Anthony Peters

Personal information
- Full name: Ferman Anthony Peters
- Date of birth: October 24, 1983 (age 42)
- Place of birth: Baton Rouge, Louisiana, United States
- Height: 6 ft 6 in (1.98 m)
- Position: Defender

Youth career
- 2002–2003: Kentucky Wildcats
- 2007–2008: West Virginia Wesleyan Bobcats

Senior career*
- Years: Team / Apps / (Gls)
- 2004: Carolina Dynamo / 7 / (2)
- 2005–2006: New Orleans Shell Shockers / 18 / (0)
- 2007–2008: Baton Rouge Capitals / 20 / (0)
- 2009: D.C. United / 0 / (0)
- 2009: → Harrisburg City Islanders (loan) / 1 / (0)
- 2009: → Richmond Kickers (loan) / 4 / (0)
- 2009: Cleveland City Stars / 7 / (0)
- 2009: Newport County / 3 / (0)
- 2010: Mansfield Town / 0 / (0)
- 2010: Gainsborough Trinity / 6 / (0)
- 2011: Baton Rouge Capitals / 3 / (0)
- 2011–2015: Motagua New Orleans
- 2015: Wilmington Hammerheads FC / 8 / (0)
- 2016: Tulsa Roughnecks / 10 / (0)
- 2017–2019: Motagua New Orleans / 18 / (4)

= Anthony Peters (soccer) =

American soccer player

Anthony Peters (born October 24, 1983) is an American soccer player.

==Career==

===Youth and college===
Peters attended Baton Rouge Magnet High School and played two years of college soccer at the University of Kentucky, before trying his hand at playing professionally in both Norway and Iceland. Finding opportunities in Europe limited, he returned to college in 2007, playing for West Virginia Wesleyan College, where he was named as the WVIAC Player of the Year and to the NSCAA/Adidas Atlantic Region All-American First Team in 2008.

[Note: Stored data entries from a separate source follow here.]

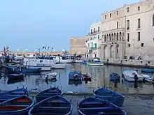 - Trattoria del Porto, via porto 17, ☏ +39 080 4107431, fax: +39 0808872429, trattoriaporto@virgilio.it. M W-Sa 19.00-00:00, Su 12:00-14:00, Tu closed. Taste of Apulia in the quiet atmosphere of the old city. €15-35.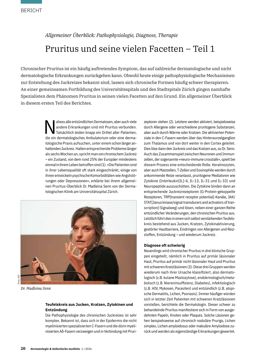 zeptoren stehen (2). Letztere werden aktiviert, beispielsweise durch Allergene oder verschiedene pruritogene Substanzen, aber auch durch Wärme oder Kratzen. Die aktivierten Potenziale in den C-Fasern werden über das Hinterwurzelganglion zum Thalamus und von dort weiter in den Cortex geleitet. Dies löse dann den Juckreiz und das Kratzen aus, so Dr. Senn. Auch das Zusammenspiel zwischen Neuronen und Immunzellen, der sogenannte «neuro-immune crosstalk», spielt bei diesem Prozess eine entscheidende Rolle. Keratinozyten, aber auch Mastzellen, T-Zellen und Eosinophile werden durch ankommende Reize veranlasst, pruritogene Mediatoren wie Zytokine (Interleukin[IL]-4, IL-13, IL-31 und IL-33) und Neuropeptide auszuschütten. Die Zytokine binden dann an entsprechende Juckreizrezeptoren (G-Protein-gekoppelte Rezeptoren, TRP[transient receptor potential]-Kanäle, JAK/ STAT[Janus kinase/signal transducers and activators of transcription]-Signalweg) und lösen, neben einer ganzen Reihe entzündlicher Veränderungen, den chronischen Pruritus aus. Letztlich führt dies in einen sich selbst verstärkenden Teufelskreis bestehend aus Jucken, Kratzen, Zytokinaktivierung, gestörter Hautbarriere, Eindringen von Allergenen und Reizstoffen, Entzündung – und wiederum Juckreiz.
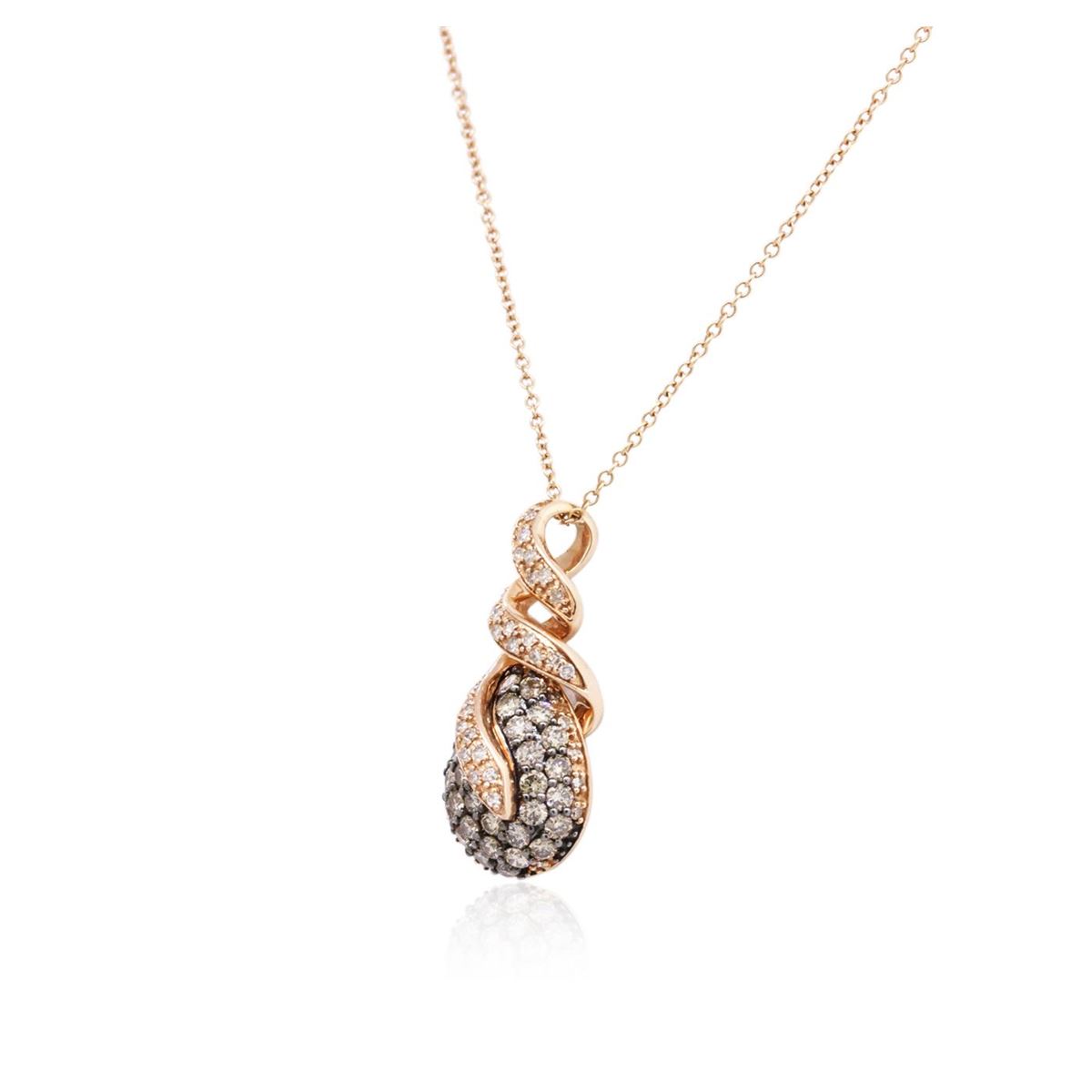 One electronically tested 14KT rose gold ladies combination cast & assembled diamond pendant & chain 18.0" long, cable link with a spring ring clasp with a bright polish finish. Identified with markings of "585". Condition is new. Containing: Twenty-Seven prong set single cut diamonds, measuring 1.00. - 1.00. x 0.60mm (depth est.) approximate total weight of 27 Stones = 0.10ct. Clarity: SI-1 to SI-2. Color: I - J, Cut is Good. Thirty-Nine prong set round brilliant cut diamonds, measuring 2.20 - 1.00. x 0.96mm (depth est.) approximate total weight of 39 Stones = 0.40ct. Clarity: SI-2 to I-1, Cut is Good. All diamonds are graded in the mounting, unless otherwise stated. Total Weight of Diamonds 0.50ct. Total Weight of Pendant & Chain 5.80 grams. GGL Appraised at $3,525.00.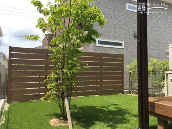 隣家のテラスや道路と隣り合う境界には、木調のフェンスを設置し、目隠しをしました。庭木の背景としても爽やかでナチュラルな雰囲気です。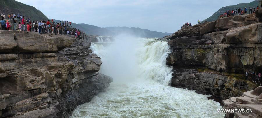 As the warm weather has picked up recently, a surge of water has fattened the roaring downpour at Hukou Falls, which sits on the Yellow River at the junction between Yichuan county, Shaanxi province, and Ji county, Shanxi province. At this point, the Yellow River's waters dash down in torrents, wetting the throngs of visitors that come to see the falls in clouds of mist. (Photo/Xinhua) |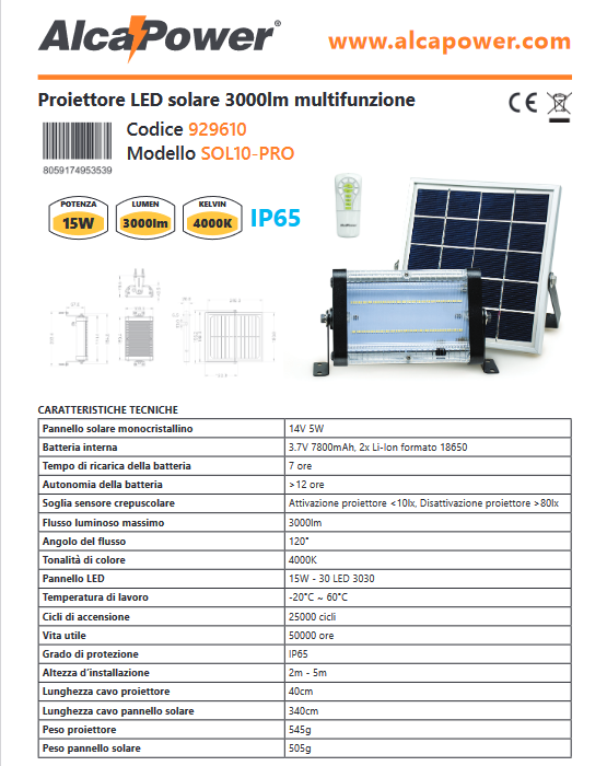 Proiettore solare 3000lm multifunzione+telecomando - SOL10-PRO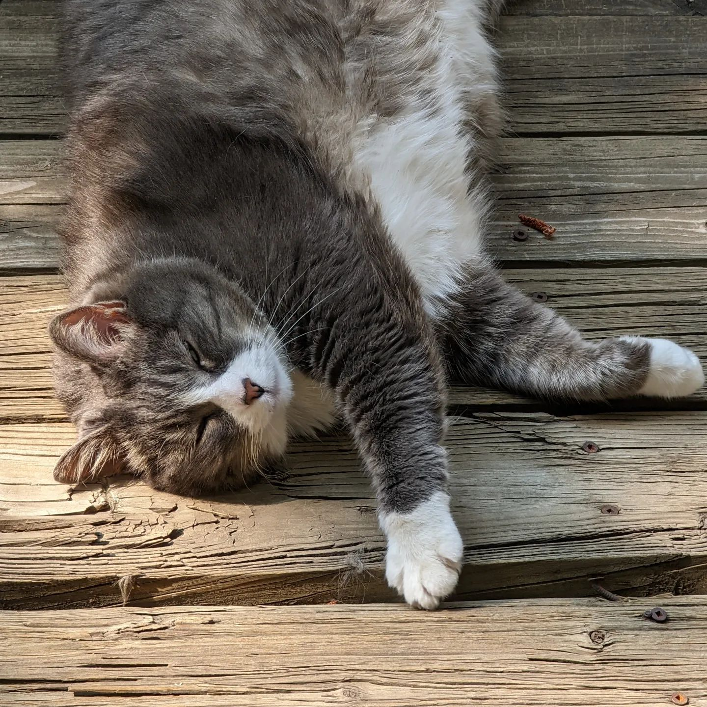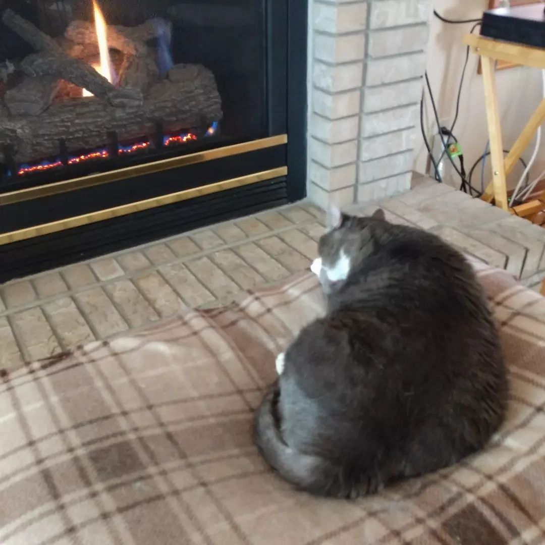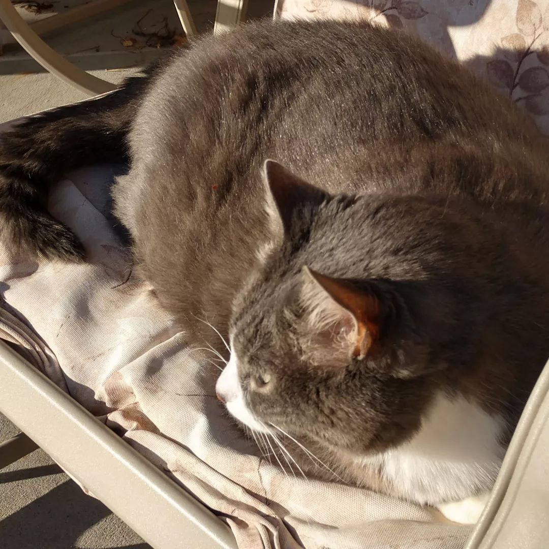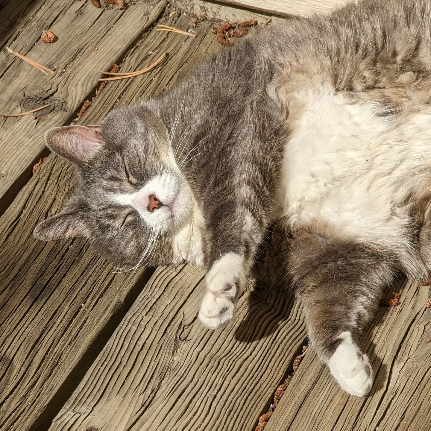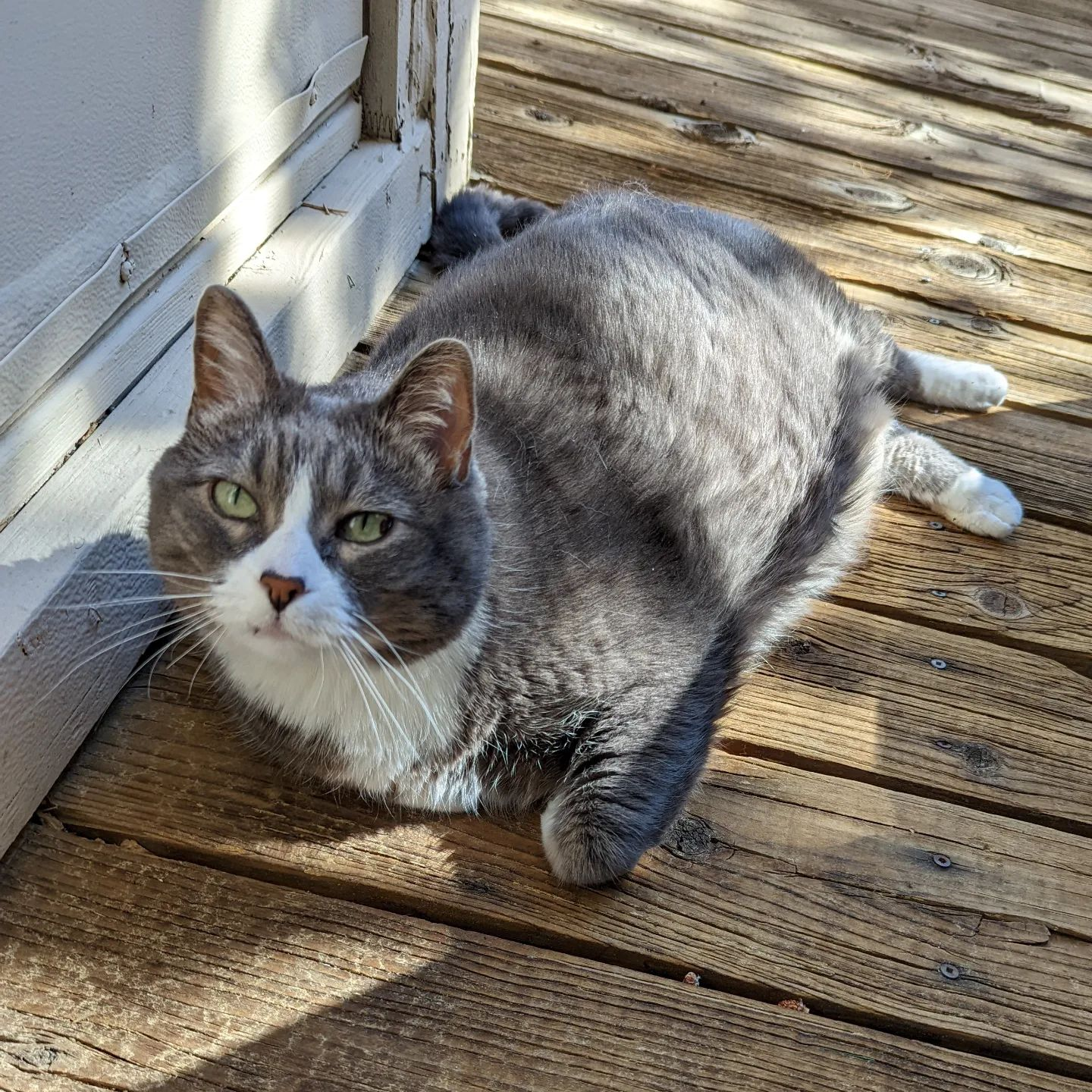 Loafing with a purpose. Ziggy is trying to toast on the woodbox, but it is only 38 deg outside (3.3 C)... but she will try to prove it's great and she doesn't need to come back inside. ????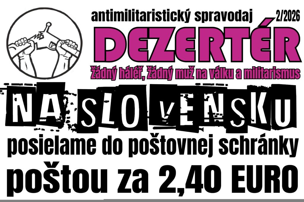 Pre odporcov vojny, antimilitaristov a pacifistov zo Slovenska máme dobrú správu. Od dnešného dňa je možné si nechať zasielať Dezertéra slovenskou poštou rovno do svojej poštovej schránky za 2,40 eura ako obyčajný list.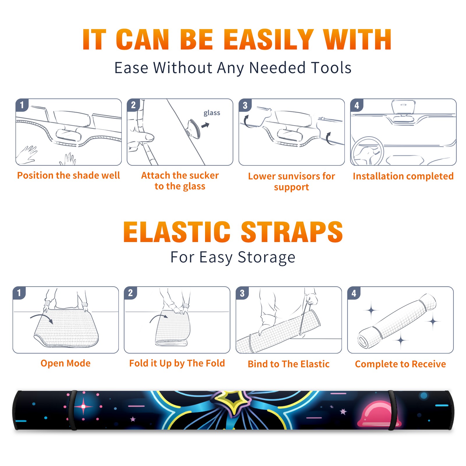 • Diameter /Size 63"L x 33.5"W</b><br> Made from excellent materials which makes it sturdy and protects the car from the sun. Easy to use and pack. Makes the interior of the car cooler.You can easily stash the sunshade in the storage bag or store long term.It open and closes easy. Also the leather storage bag is durable and easy to put the umbrella back into.This windshield sunshade provides complete coverage and keeps your car interior cool under direct sun. It is easy to open and position under the windshield and around the rear-view mirror. Makes Your Car Easy To Identify, Perfect For Finding Your Car In Crowded Parking Lots And Garages.Great Choice: It Is A Great Gift For Dad, Boyfriend, Brother, Brother And Uncle, Friends, Classmates, Family And So On.<br> Notice:</b><br> Due To Difference Computer Monitors, The Color Maybe Slightly Different From Picture. As Different Measurement Methods, Measurement Data Will Float Within 2%.I Hope You Understand.<br> If You Have Any Question About The Item Please Do Not Hesitate To Contact Us Immediately And We Will Give You A Satisfactory Reply Within 24 Hours.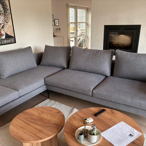 Fed chaiselong sofa fra Ilva af mærket Land, designet af SaysWho. Farven er meleret denimblå - fås ikke længere. Den er 4 år gammel, primært brugt af 1 person, velholdt, ingen små børn, ikke ryger hjem. Der er en enkelt lille plet, se billede, men den forsvinder stort set i meleringen. Prisen sat efter stand. (Den på Ilva-billedet er en mørkere blå.) Købspris 12999.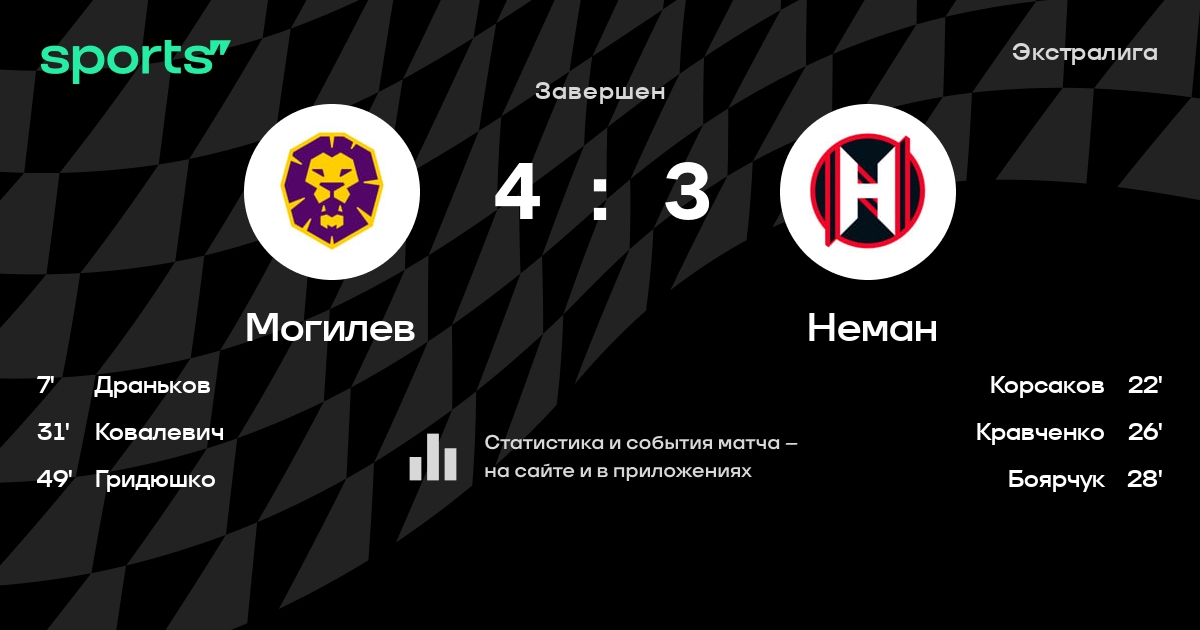 В прошедшем матче в рамках турнира Экстралига состоялась встреча команд Могилев - Неман в городе Могилев (Беларусь) на стадионе Ледовый дворец спорта Могилев (вместимость - 3048)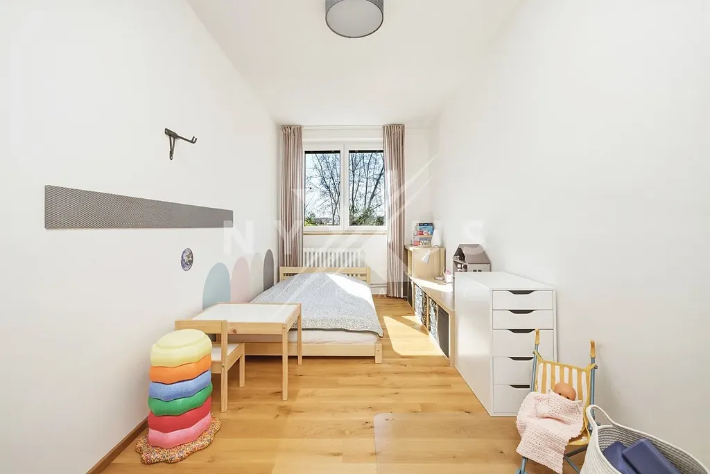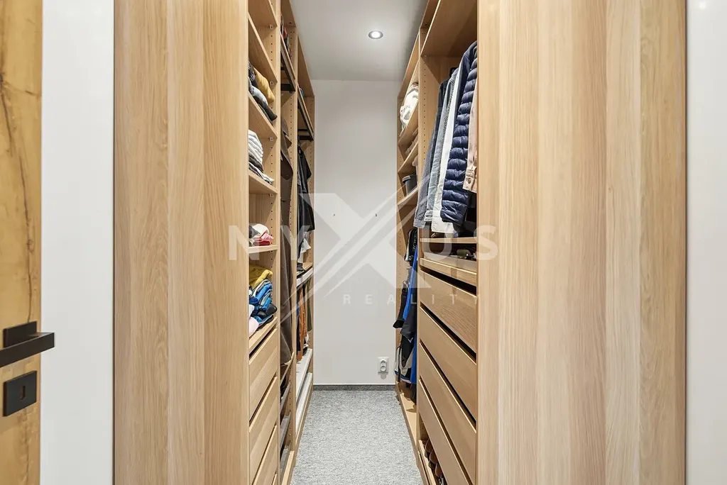 Praktickým benefitem jsou neprůchozí pokoje, dostatek denního světla díky orientaci na jih a jihozápad i promyšlené úložné zázemí v podobě šatny a vestavěných skříní.
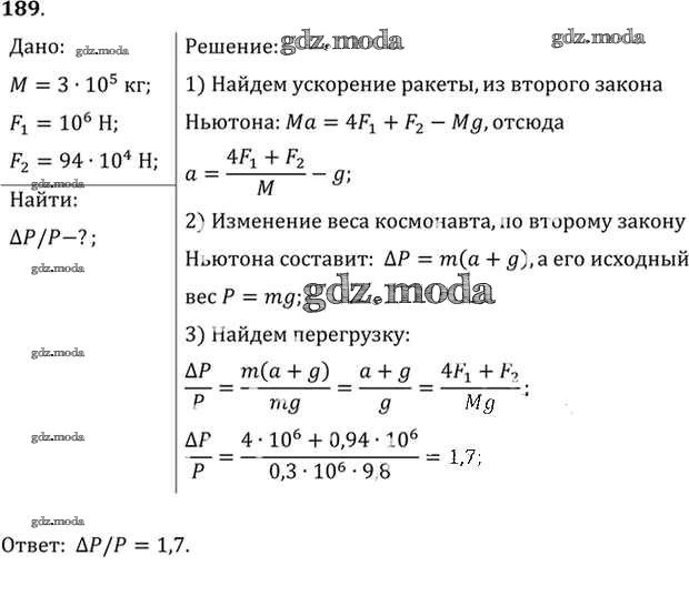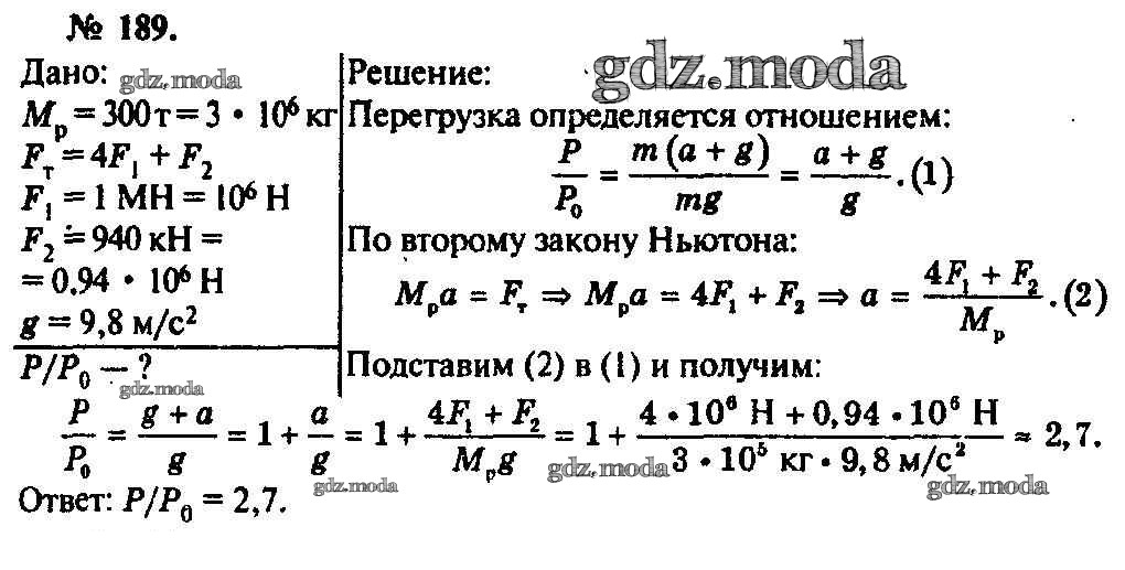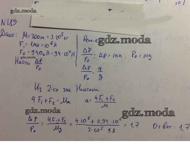 ОТВЕТ на задание № 189 Задачник по Физике 10-11 класс Рымкевич УМК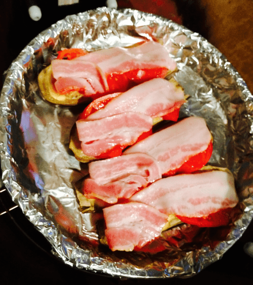 We also place tomato, bacon on top and cover everything with cheese.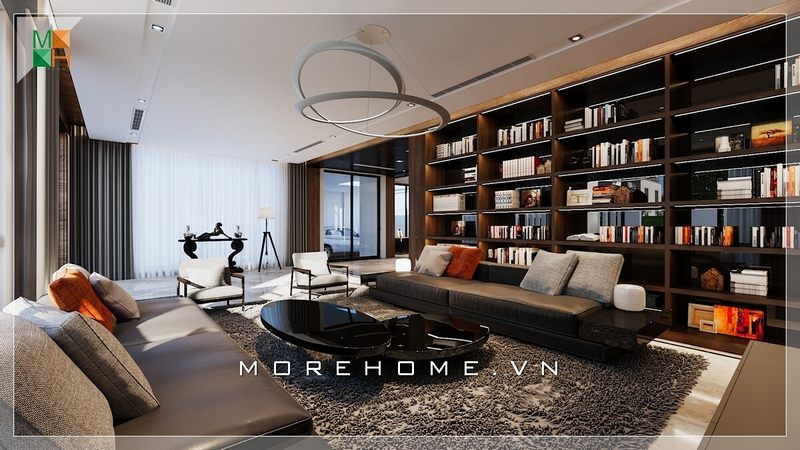 Đầy ấn tượng với thiết kế phòng khách rộng của biệt thự, nhà phố phong cách hiện đại nội thất kệ gỗ óc chó cao cấp.

During his college years he also played with Carolina Dynamo, New Orleans Shell Shockers and Baton Rouge Capitals in the USL Premier Development League, and spent time training with European teams in Iceland and Norway.

=== Professional ===
In February 2009, Peters signed with the Cleveland City Stars. The team released him from his contract after he received an offer from D.C. United after impressing head coach Tom Soehn during the club's pre-season tour of Puerto Rico. He made his professional debut for DC on April 22, 2009, in the 2009 Lamar Hunt U.S. Open Cup against FC Dallas., before being loaned to the Harrisburg City Islanders of the USL Second Division in April 2009 and later to Richmond Kickers in May 2009.

Peters was waived by D.C. United in June 2009. On July 16, 2009, he was signed by the Cleveland City Stars.

After a brief trial with English non-League side Mansfield Town, Peters signed a pre-contract agreement to join the club permanently when the English transfer window re-opened on January 1, 2010. On December 4, 2009, Peters signed a short-term deal with then Conference South club, Newport County. Described as a "pure athlete" by County manager Dean Holdsworth, he joined the Welsh club for a month prior to signing for Mansfield Town. However, the move to Mansfield was cancelled due to Peters' wage demands. Mansfield manager David Holdsworth said "He has effectively priced himself out of our market".

On January 29, 2010, it was announced that Peters had signed for Gainsborough Trinity, but he remained with the club for only five weeks.